Investigating the dex-k8s-authenticator
pod would also show the following error:
kubectl logs -n kommander dex-k8s-authenticator-<hash> --kubeconfig=${CLUSTER_NAME}.conf
2022/09/30 15:41:43 Using config file: /app/configuration/config.yaml
2022/09/30 15:41:43 useClusterHostname: true
2022/09/30 15:41:43 Registered static assets handler at: /token/static/
2022/09/30 15:41:43 [GC: 0xc00052a7e0] starting garbage collector routine: interval: 60000000000
panic: runtime error: index out of range [0] with length 0
goroutine 1 [running]:
main.start_app(0xe5a960, 0x0, 0x0, 0xc000031080, 0x13, 0xc000032ba8, 0x6, 0x0, 0x0, 0x0, ...)
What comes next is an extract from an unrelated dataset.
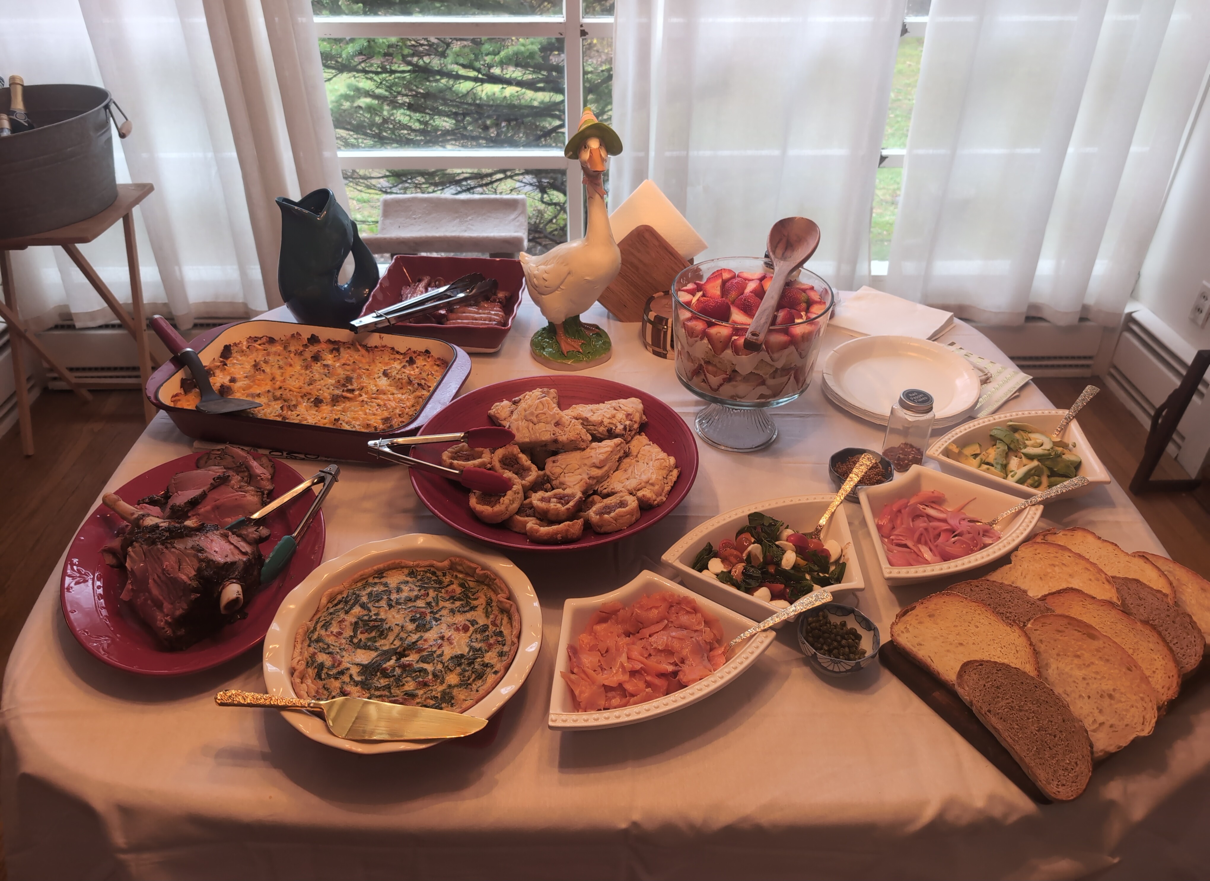 >>43305546Best I got is a tuscan spinach quiche or bruschetta avocado toast. Feels weird to have a salad at a brunch. Also pigs trough? Really man, damn. Presentation is not my skillset but come on now. I had a pretty punch

/home/runner/work/dex-k8s-authenticator/dex-k8s-authenticator/main.go:273 +0x1ec0
main.glob..func1(0xe35120, 0xc00000ca60, 0x0, 0x2)
/home/runner/work/dex-k8s-authenticator/dex-k8s-authenticator/main.go:356 +0x30d
github.com/spf13/cobra.(*Command).execute(0xe35120, 0xc00001e190, 0x2, 0x2, 0xe35120, 0xc00001e190)
/home/runner/.asdf/installs/golang/1.13.15/packages/pkg/mod/github.com/spf13/cobra@v1.4.0/command.go:860 +0x2aa
github.com/spf13/cobra.(*Command).ExecuteC(0xe35120, 0x1, 0xc0001abf50, 0x40574f)
/home/runner/.asdf/installs/golang/1.13.15/packages/pkg/mod/github.com/spf13/cobra@v1.4.0/command.go:974 +0x35a
github.com/spf13/cobra.(*Command).Execute(...)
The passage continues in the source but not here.